*** Data extracts Section Begins ***

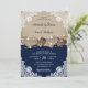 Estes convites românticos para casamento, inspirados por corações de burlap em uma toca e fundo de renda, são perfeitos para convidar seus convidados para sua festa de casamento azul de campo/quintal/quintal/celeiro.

*** Data extracts Section Ends ***
*** Data extracts Section Begins ***

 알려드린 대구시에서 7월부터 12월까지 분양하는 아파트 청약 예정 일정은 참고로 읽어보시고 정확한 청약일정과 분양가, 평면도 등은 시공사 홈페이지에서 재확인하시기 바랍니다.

*** Data extracts Section Ends ***
*** Data extracts Section Begins ***

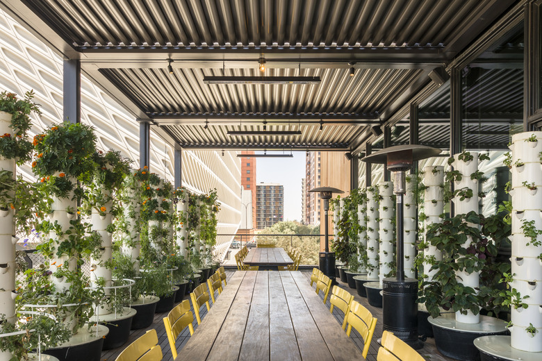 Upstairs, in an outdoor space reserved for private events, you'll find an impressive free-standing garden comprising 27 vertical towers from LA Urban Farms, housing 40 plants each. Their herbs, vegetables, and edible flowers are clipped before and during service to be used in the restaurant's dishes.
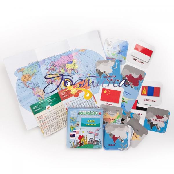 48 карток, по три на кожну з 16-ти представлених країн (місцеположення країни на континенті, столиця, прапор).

*** Data extracts Section Ends ***

Word for word, repeat the lines above from the one with "Upstairs, in an" through the one with "48 карток, по", and nothing beyond them. Omit the pictures.

 Upstairs, in an outdoor space reserved for private events, you'll find an impressive free-standing garden comprising 27 vertical towers from LA Urban Farms, housing 40 plants each. Their herbs, vegetables, and edible flowers are clipped before and during service to be used in the restaurant's dishes.
 48 карток, по три на кожну з 16-ти представлених країн (місцеположення країни на континенті, столиця, прапор).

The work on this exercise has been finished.